22. During the course of this investigation the appellant was provided with a copy of Coillte’s submission for comment and any additional comments he wished to provide for consideration in the appeal.
23. In response, the appellant submitted that the corrective action was required to be completed by 23 November 2022 and set out his view that any information generated prior to his request also falls within its scope. The appellant also set out information which was provided by Coillte to their auditors in relation to the roll-out training to close off the Major CAR, which indicated that"This training will be provided by the Environment Team in conjunction with the Team Leads from Estates/Engineering, Establishment and Harvesting".
24. In addition, the appellant’s submissions included the following:
“My appeal is confined to Coillte’s failure to provide information related to Item 3 of the Corrective Action Request (CAR). It is not the date of the training per se that is critical, it is whether any information related to the training was generated before my request was submitted. The training may have been a future event but the idea of the training as a means of addressing the CAR and the initial structure and planning of the training must have occurred in advance of the training and must to some extent have been discussed before my request was made”.
25. Regarding the searches carried out by Coillte for any further information, I find that Coillte have adequately set out its reasons for the non-existence of any further information, taking into account the searches which were carried out by the SMEs for the purpose of the fresh internal review decision.
26. I have also considered that the appellant was provided with a Training Plan by Coillte following its new internal review, and noted in his statement of appeal that “Coillte has provided information on the proposal to carry out training, not on the training itself”. The appellant also later submitted that “the corrective action was required to be completed by 23 November 2022”. I wish to note here that my role is to review the public authority’s internal review decision and to affirm, annul or vary it in accordance with the AIE Regulations. It is not within my remit to comment on how public authorities carry out their functions.
27. As set out above, Coillte noted that this contractor training was carried out by Coillte in Q3 of 2023, after the 2023 Audit when the plan was reviewed by SA Auditors. Accordingly, I agree with Coillte’s suggestion that the appellant could now submit a new AIE request for information regarding contractor training which took place at a later date, which is outside the scope of this request.
28. I am satisfied that Coillte has taken sufficient steps to determine that it does not hold further environmental information relevant to the appellant’s request.

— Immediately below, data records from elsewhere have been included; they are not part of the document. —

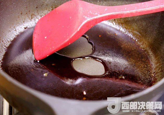 14.蒸好后將里面的水潷出來(lái)倒入鍋里,加入適量生抽、蠔油,幾滴老抽,少許水淀粉,翻均勻。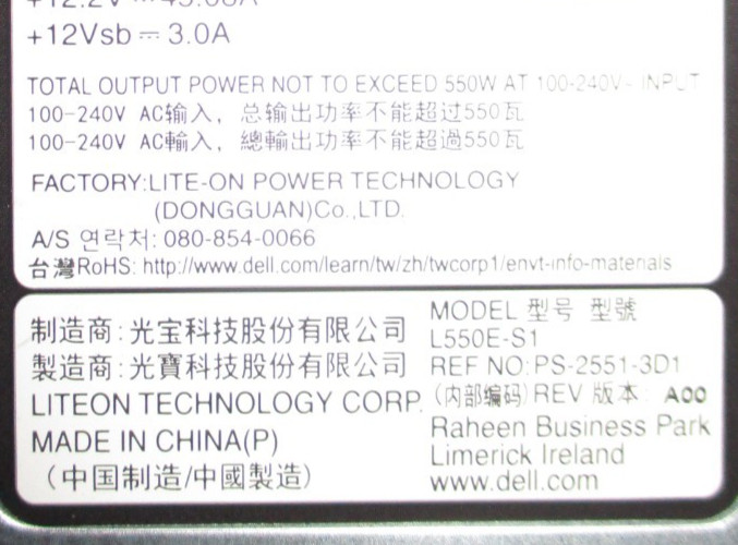 как выглядит Dell PowerEdge 80 Plus Platinum 550W Power Supply L550E-S1 NCNFF / 0NCNFF фото
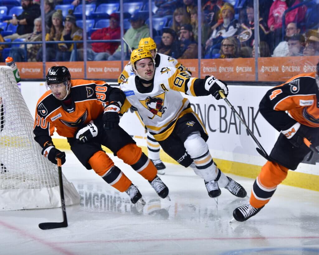 LAST TIME – A perfect road-trip wasn’t in the cards for the Lehigh Valley Phantoms who fell 4-1 at the Wilkes-Barre/Scranton Penguins on Wednesday night. Lehigh Valley finished its three-game roadie with a 2-1-0 record. The undefeated Penguins scored a pair of power-play goals and then added a penalty-shot marker from Ville Koivunen to pin Aleksei Kolosov with his first defeat of the season. Alexis Gendron’s power-play goal in the second period got the Phantoms back in the game at 2-1 but was the only blemish on Sergei Murashov who made 27 saves. Emil Andrae’s effort to equalize the score in the second period rang off the post and Zayde Wisdom also found the iron with his shot in the third period.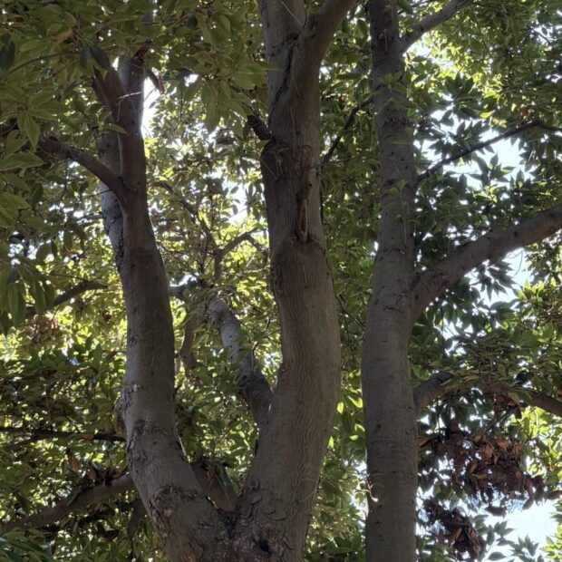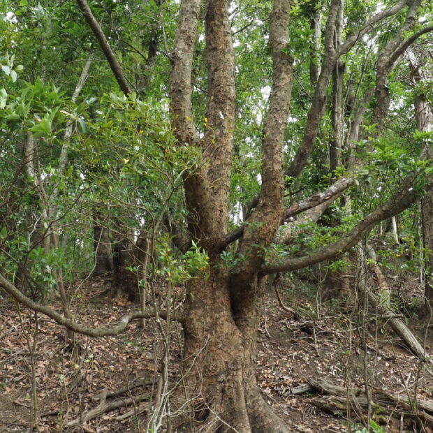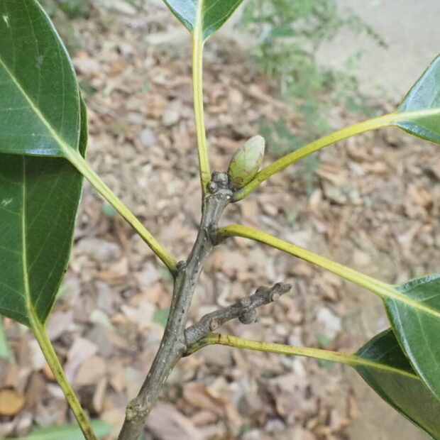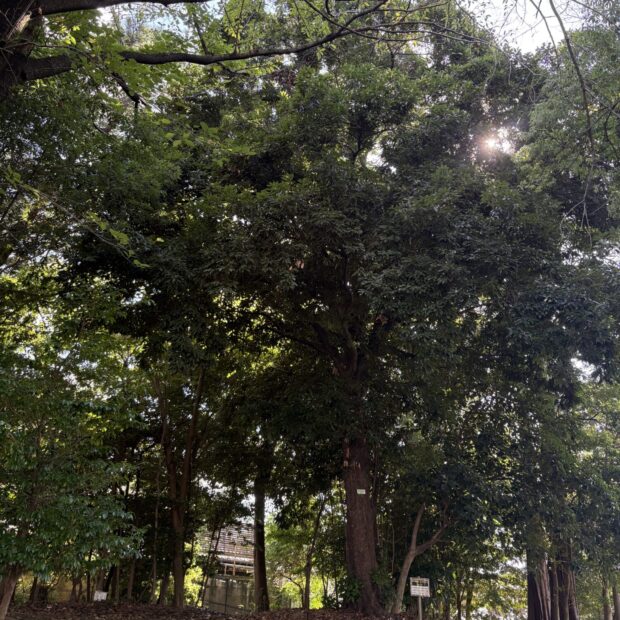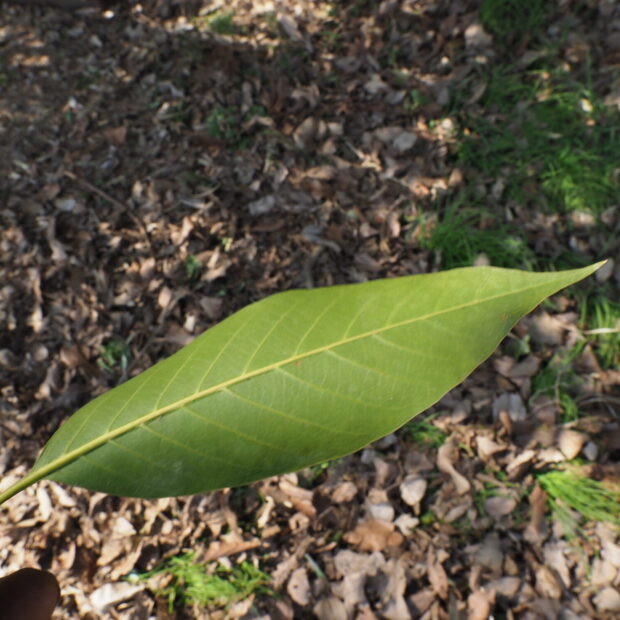 常緑の高木で、 高さは20mほどになります。 大きな葉がたくさんつき、 木の下はしっかりとした日陰になります。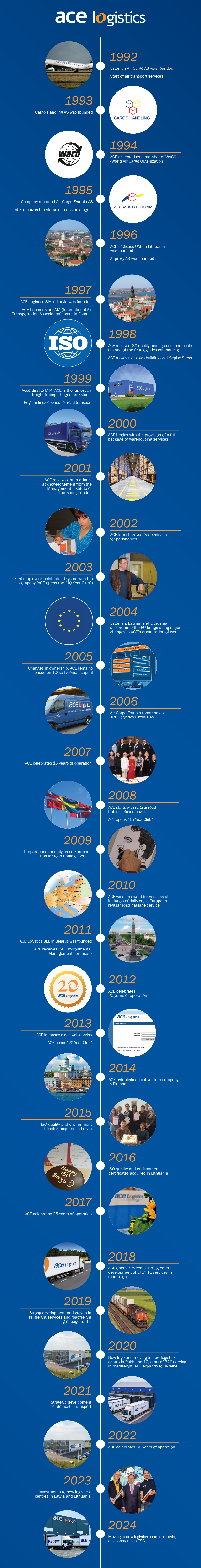 Established in 1992, ACE Logistics aims to be one of the leading logistics service providers in the Baltics region, combining persistent and long-term satisfaction of its customers, employees and shareholders with more than 30 years of experience in the logistics sector.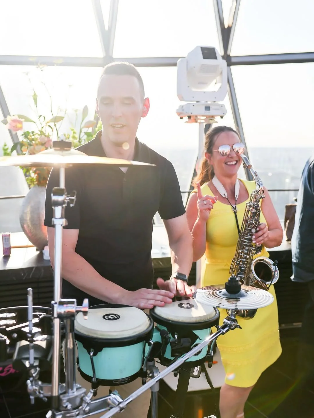 Our live saxophonists add a layer of sophistication, performing both smooth and powerful melodies throughout the DJ sets. Their ability to blend with the DJ’s mixes is second to none and creates a unique sound and atmosphere that feels elegant and full of life.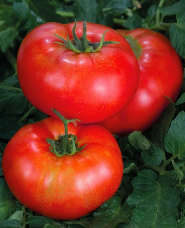 Среднозреещ индетерминантен сорт за открита земя и оранжерии. Изисква подравняване и оформяне. Подходящ за салати. | Плоско-кръгли, оребрени, плътни, розови, 354 г. Отличен вкус. |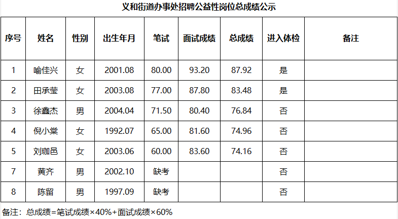 根据工作要求,现将义和街道招聘公益性岗位总成绩公示如下: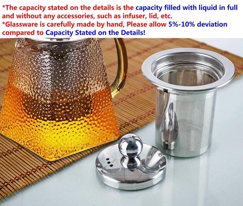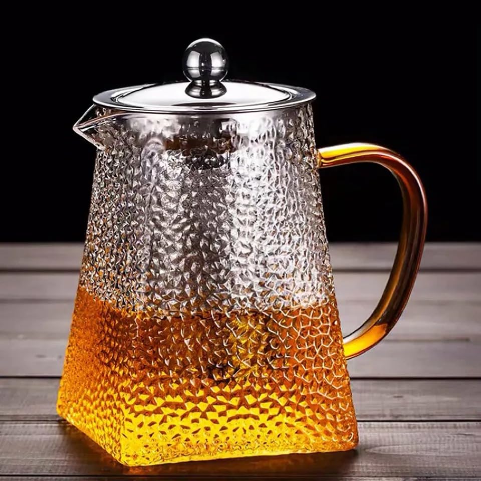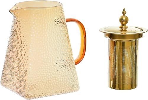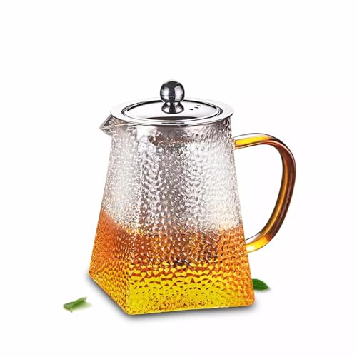 Generic - إبريق شاي مضلع من زجاج بليكسي المقاوم للحرارة مع غطاء أصفر بمقبض ومصفاة من الستانلس ستيل 950 مل (ذهبي)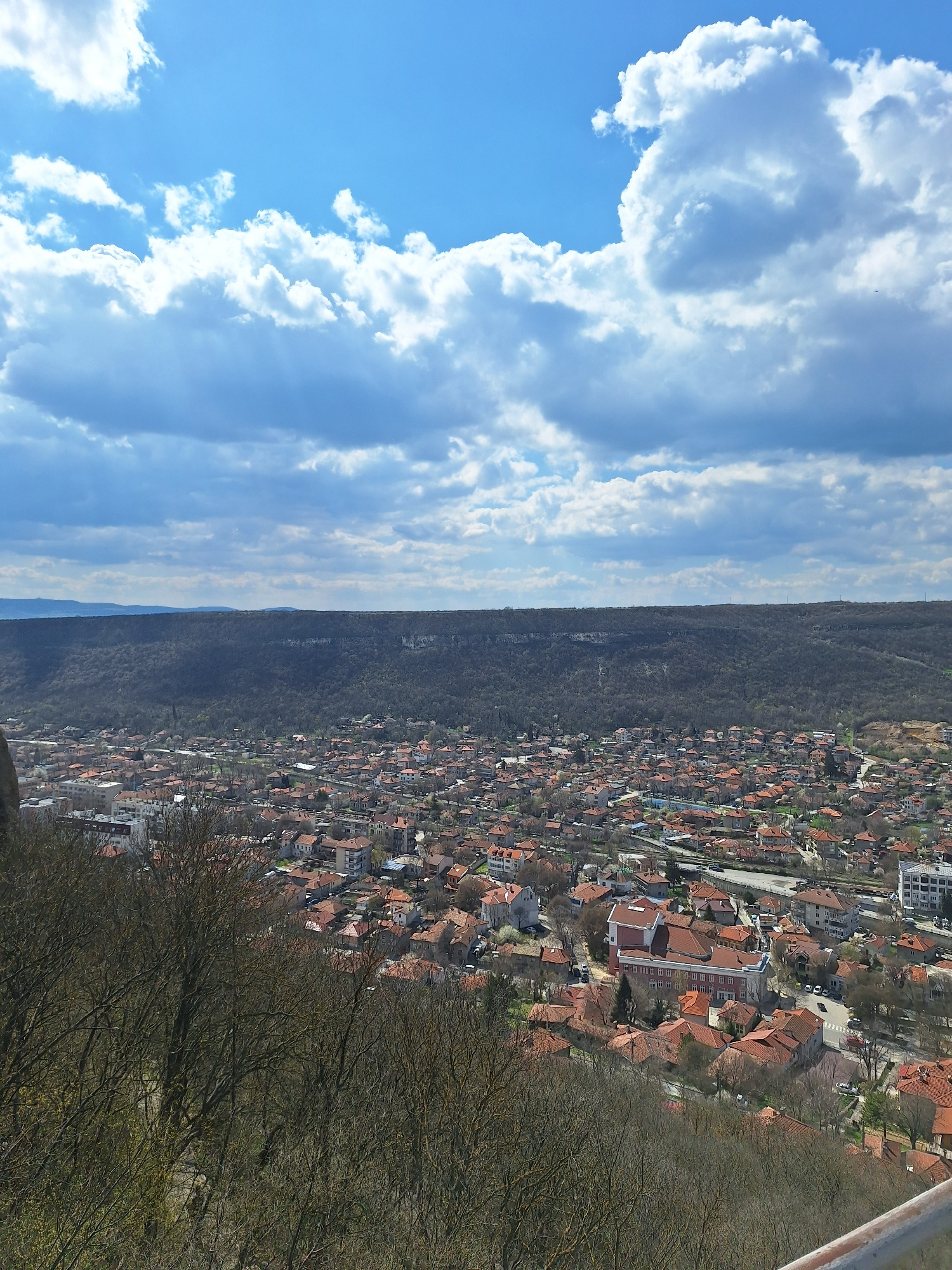 The image shows an aerial view of Provadia, Bulgaria, likely taken from a high vantage point like the Ovech Fortress. The left side of the image features a bright blue sky with scattered cumulus cloud…read more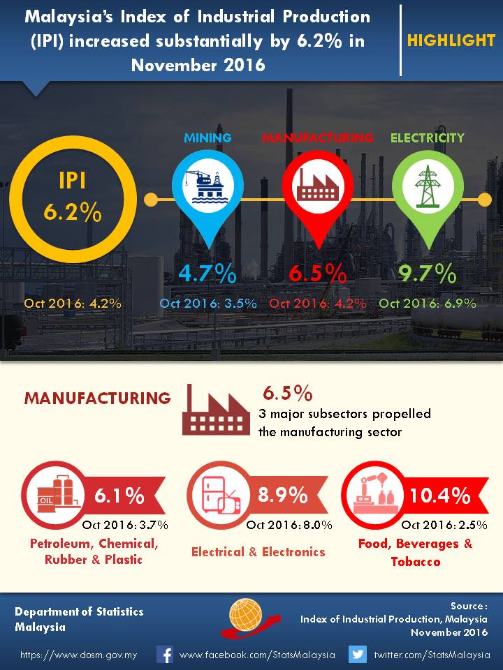 Malaysia’s Index of Industrial Production (IPI) increased substantially by 6.2% in November 2016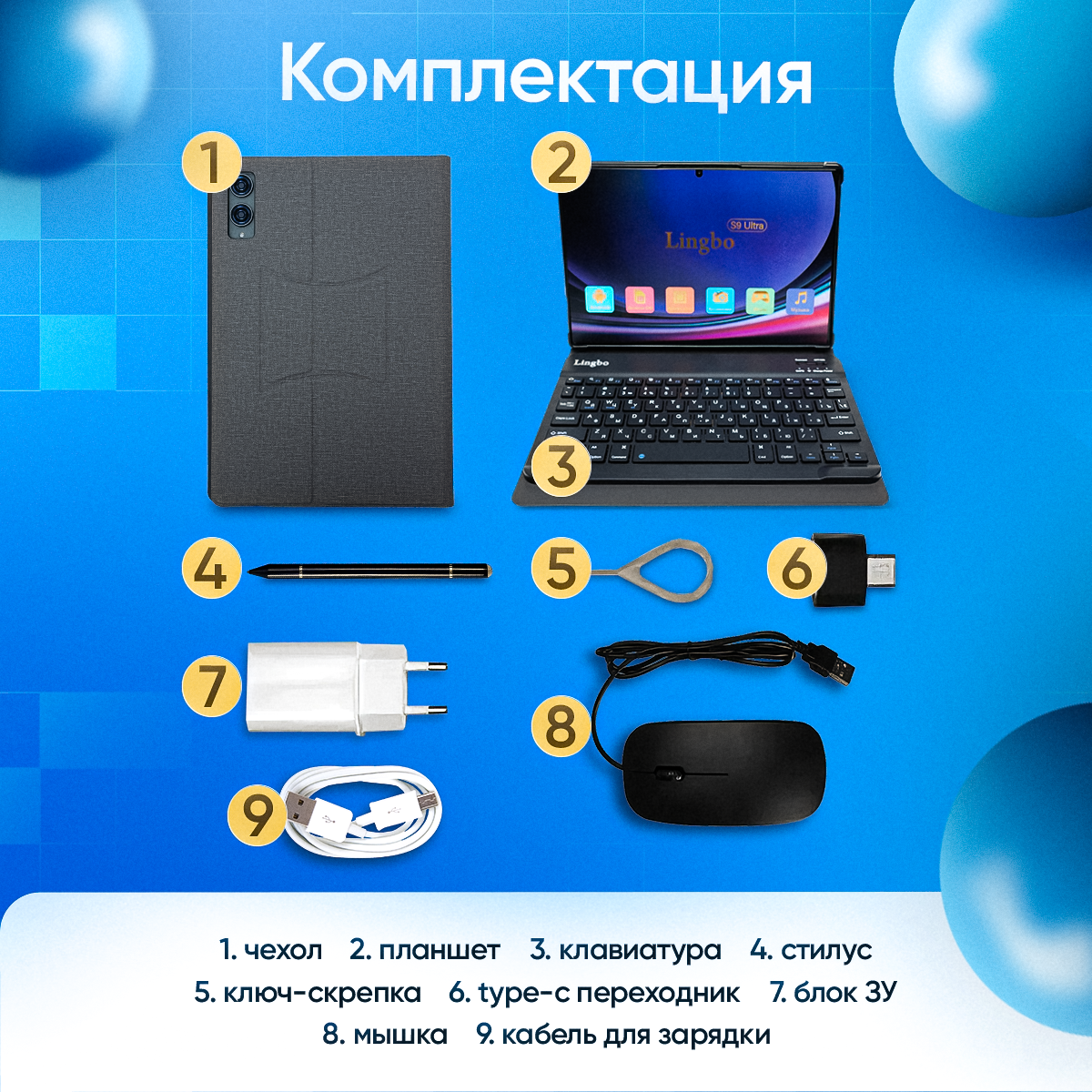 Планшет с клавиатурой Лингбо S9 PRO MAX, голубой

For the sake of completeness, I note that the appellant has the option to submit a fresh request for information beyond the scope of his original request should he wish to do so.
29. Having carried out a review under article 12(5) of the AIE Regulations, on behalf of the Commissioner for Environmental Information, I hereby affirm the decision of Coillte.
30. A party to the appeal or any other person affected by this decision may appeal to the High Court on a point of law from the decision. Such an appeal must be initiated not later than two months after notice of the decision was given to the person bringing the appeal.